Le sens, un sens, une théorie ou une raison n’effacent pas la pesanteur du fardeau Quelle blague ! Jésus ne parle pas de sens. Il relève et guérit. C’est plus efficace et moins présomptueux. L’absence de sens n’empêche pas la jouissance de l’accomplissement, le mûrissement de la vie comme un fruit savoureux.

Et nous, nous en sommes aux grandes théories ou aux soins, aux petits soins ? Nous aurions vécu de la fruition des fraternités et amitiés, l’accomplissement n’aurait pas été loin.

Dans la nuit, lorsque le sommeil échappe ou qu’au contraire on le repousse, c’est le moment de la prière. Au moins pour Jésus. La prière, c’est toujours de nuit, même en plein jour, parce que l’on ne comprend rien, parce qu’il ne s’agit pas de comprendre. Ce n’est pas une affaire de sens, mais de soin, de vie. Il s’agit, malgré le poids du fardeau, d’exposer au silence qui ne répond pas l’existence, la sienne et celle de tous, la sienne et toutes celles qui sont broyées par le fardeau.

S’exposer et c’est tout. Ne rien attendre. Qui parlerait ? C’est à nous de répondre.
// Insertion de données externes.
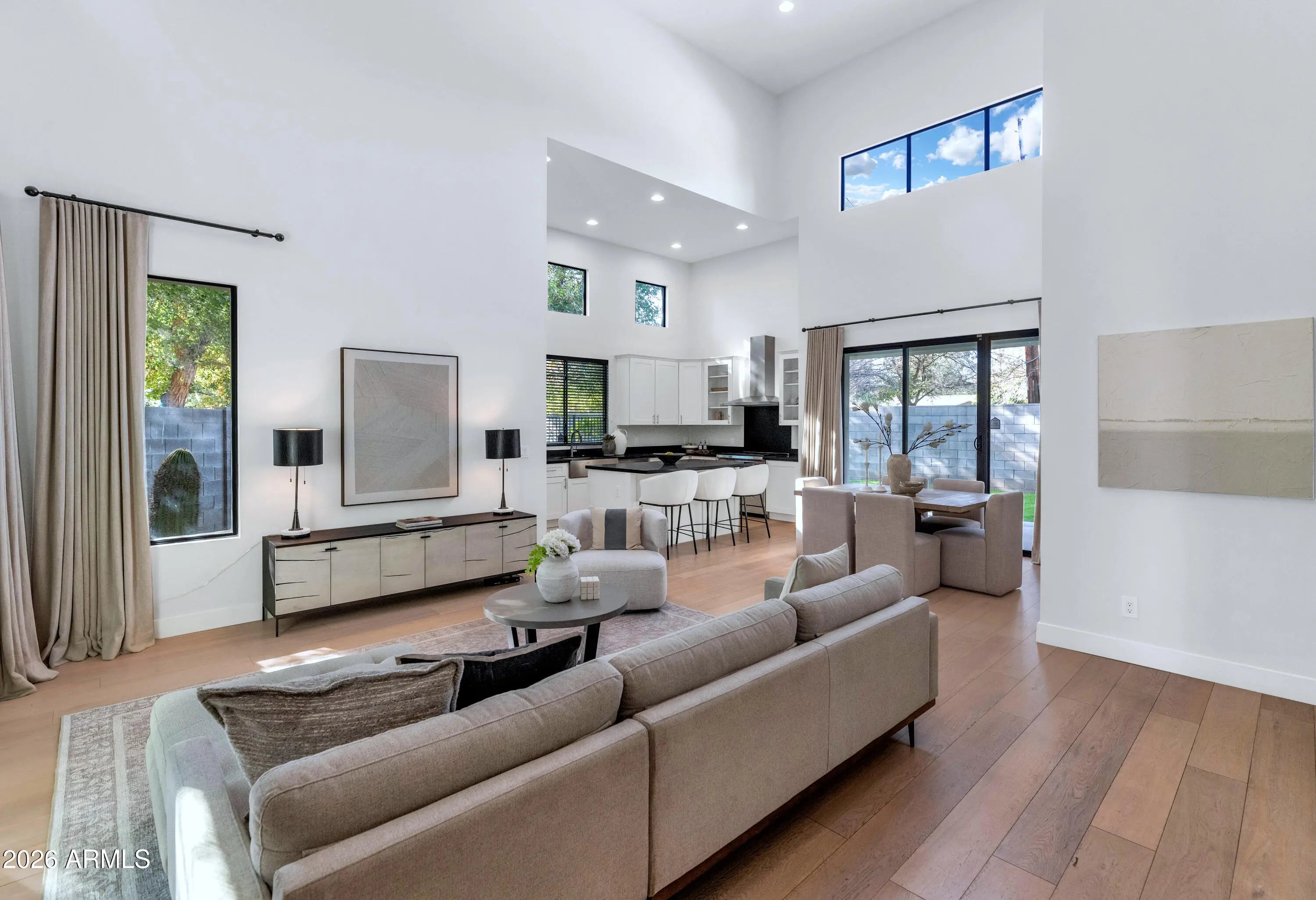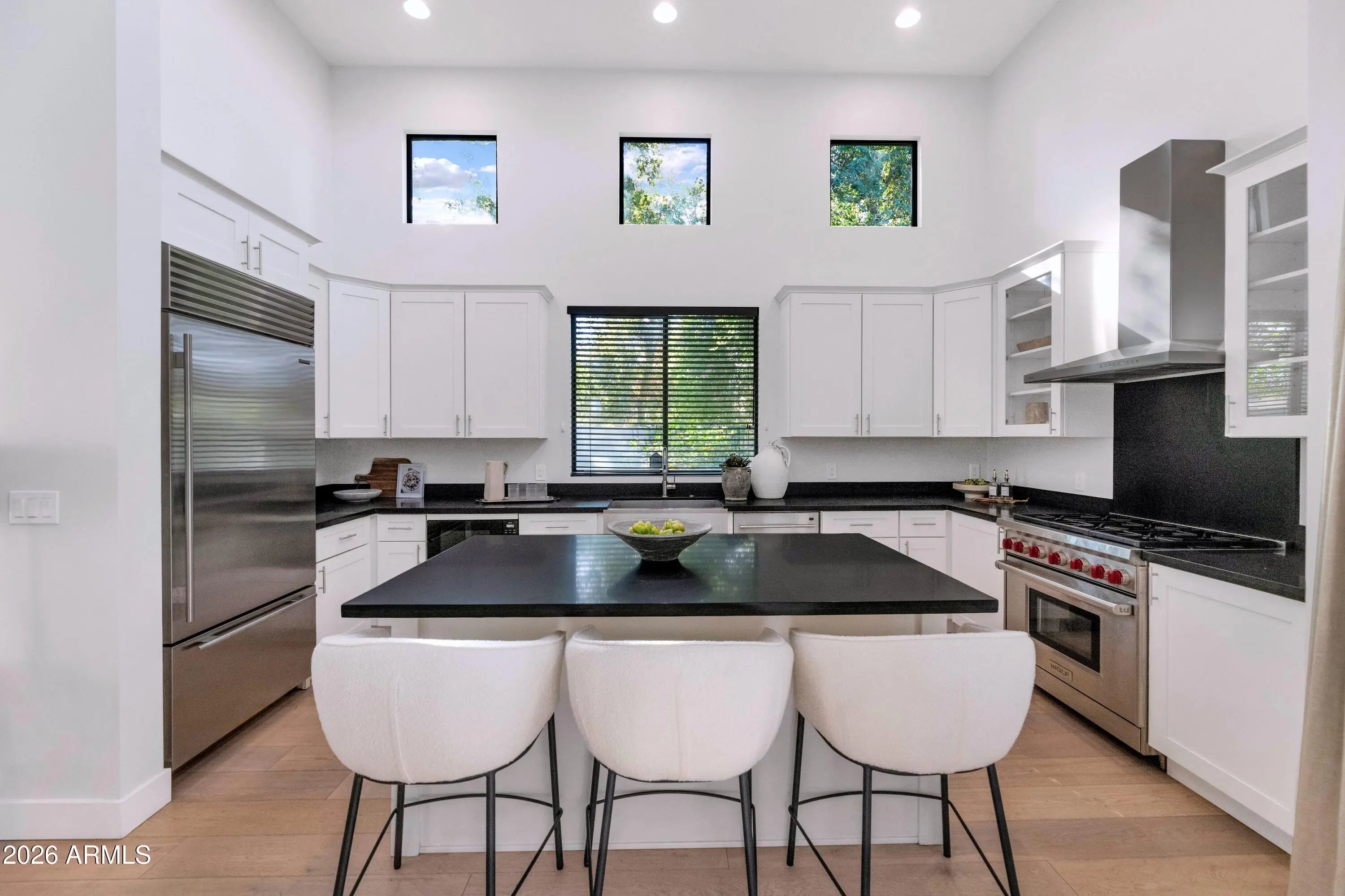 Welcome to this exquisite 2016-built luxury home in the heart of Arcadia! Nestled in the exclusive Arcadia Orchard community—an enclave of just five custom-built homes—this stunning property offers four bedrooms, an office, a spacious loft, and four bathrooms, ensuring ample space for both family and guests. The primary suite is conveniently located downstairs, featuring a resort-style bathroom with a soaking tub, walk-in shower, and an oversized walk-in closet. The open-concept design boasts soaring 20-foot ceilings, seamlessly connecting the kitchen, dining area, and living room. The chef's kitchen is a showstopper, complete with stainless steel Sub-Zero appliances, a Wolf gas range, an oversized island, and abundant cabinetry for storage. Step outside to your lush, private backyard oasis, perfect for entertaining or unwinding. Enjoy the beautifully landscaped space, ideal for relaxing under the Arizona sky. Situated in an incredible cul-de-sac location, this exclusive community offers both privacy and convenience, just steps from Arcadia's most beloved dining spots, including The Vig, La Grande Orange, and Postino. Don't miss this rare opportunity to own a custom-built masterpiece in one of the most sought-after neighborhoods!

Si Dieu parle, il dit tout par le simple fait, sit venia verbo, de créer, de se donner, de se déclarer. Alors, la prière, l’exposition, même comme cri sans fin de l’abandon – nous nous rappelons le Golgotha – est gratitude, reconnaissance, non que l’existence soit belle et légère ‑ « vraiment, la vie de l’homme sur la terre est une corvée. » ‑ non que nous recevions du nouveau pour lequel il faudrait dire merci.

Mais de nouveau, ce que nous entendons dans notre réponse, dans cette exposition, c’est la parole originelle : il est bon que tu vives. « Et Dieu vit que cela était bon. » Cette parole suscite l’univers et toute chose et chacun ; c’est elle aussi, la même, qui relève, guérit, res-suscite. C’est insensé, extravagant, la folie d’un amour, d’un don sans limite. Dieu n’a pas de mesure ; il est lui-même la mesure.

Il ne suffit pas de se lever la nuit ou d’être insomniaque. Il faut être harassé par le poids du fardeau, celui des autres surtout. C’est pour cela que l’on s’expose, dans la nuit, parce que l’on n’en peut plus. On ne prie pas quand tout va bien, tout le monde le sait ! On ne prie pas quand on ne voit pas les autres et soi-même ployer sous le poids du fardeau.

Le fardeau demeure et la mort. La vie éternelle, si elle est pour demain, n’est pas. Elle est, aujourd'hui,  ce recueil, dans notre exposition, dans la nuit qui écrase le monde, du jour qui se lève sans cesse depuis le premier matin du monde : il est bon que tu vives.